Second, we don’t know how to properly secure AI systems. LLMs are a notorious security disaster with a huge attack surface, and we don’t know how to solve that. Meanwhile, it’s not a tall clear how our current international order could enforce non-proliferation. FLI again:
The relatively low production costs of autonomous weapons make them appealing to non-state armed groups, enabling their use in genocides or the targeted assassinations of political and military leaders. This growing is accessibility of advanced weaponry could destabilize regions and worsen global conflicts. Autonomous weapons are also uniquely vulnerable to cyberattacks. Hackers could infiltrate these systems, manipulating their behavior or redirecting their targets, creating devastating consequences.

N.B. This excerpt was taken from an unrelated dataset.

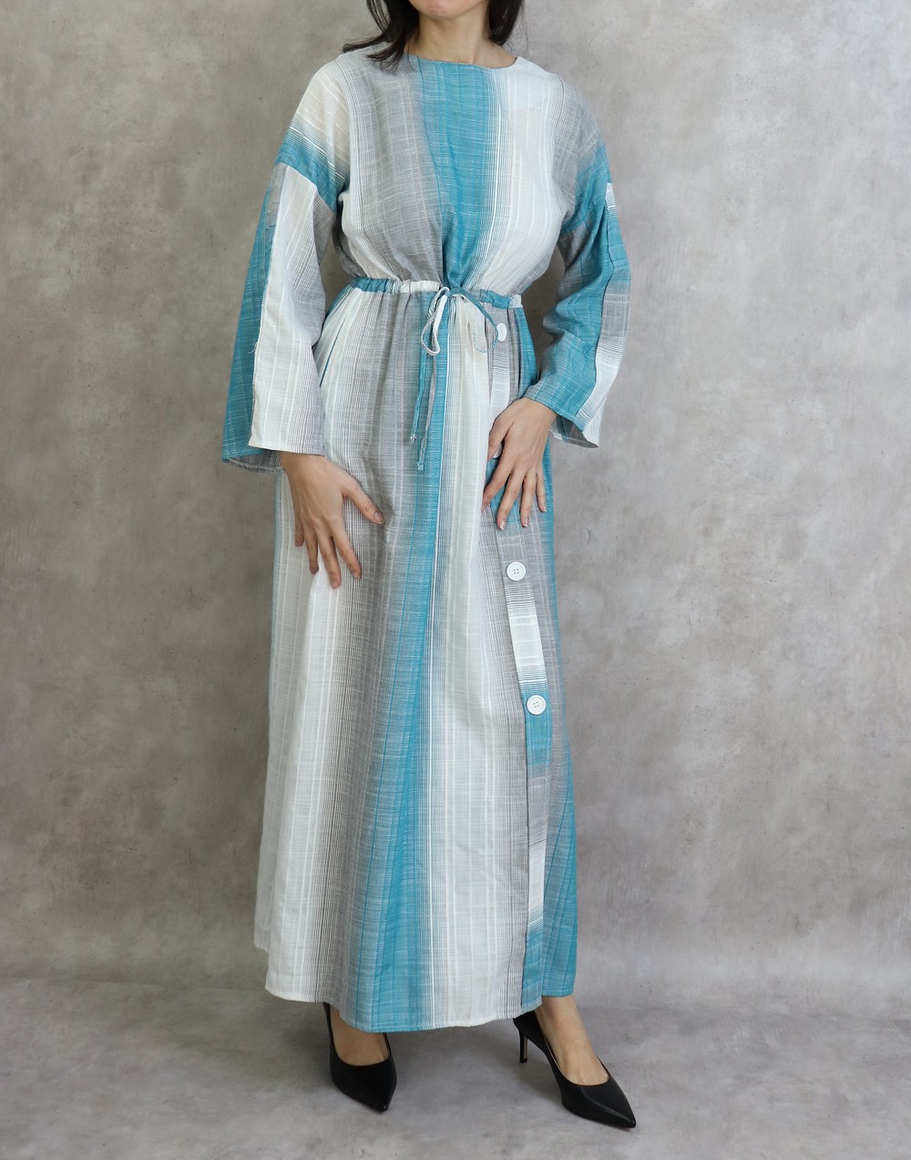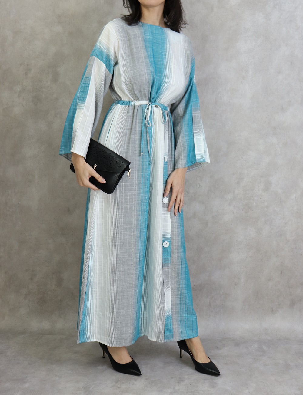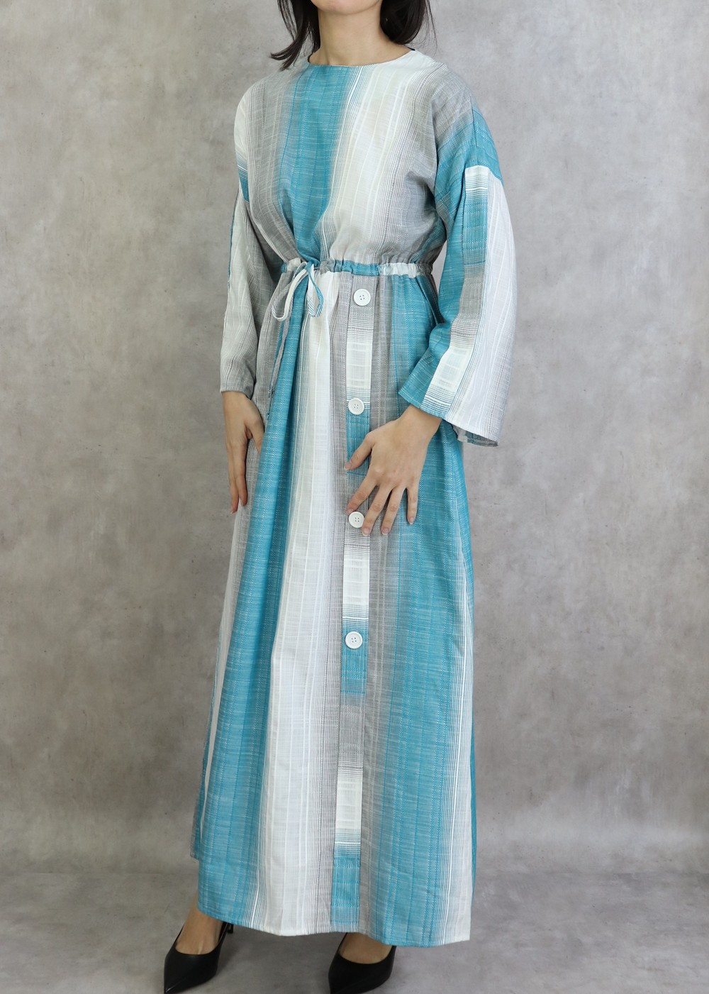 Robe longue effet tisse pour femme de couleur gris clair, turquoise et blanc

The worse case scenario is swarms of these bots in the hands of terrorist organizations. Regular readers will know I’m all about nuance, but I think it’s worth watching this chilling dramatization of what such a scenario could look like.
As a professional scientist studying AI and conflict, I can tell you that not only do I not know how to prevent these nightmare outcomes, but nobody knows. Amodei is right to say that humanity is simply not ready to turn decisions about killing over to machines.
Thus I am concerned about the US military’s interest in them in much the same way I would be concerned if I learned that the US military had decided to manufacture chemical weapons. Especially if this was some new kind of chemical weapon that might be far more lethal than any that has come before — and was already known to be unreliable.
I would much prefer to see international treaties banning the use of autonomous weapons, in much the same way that we already control chemical, nuclear, biological, and radiological weapons. There are organizations actively orking to establish such treaties.
“Our enemies are doing it” is not a good enough answer here.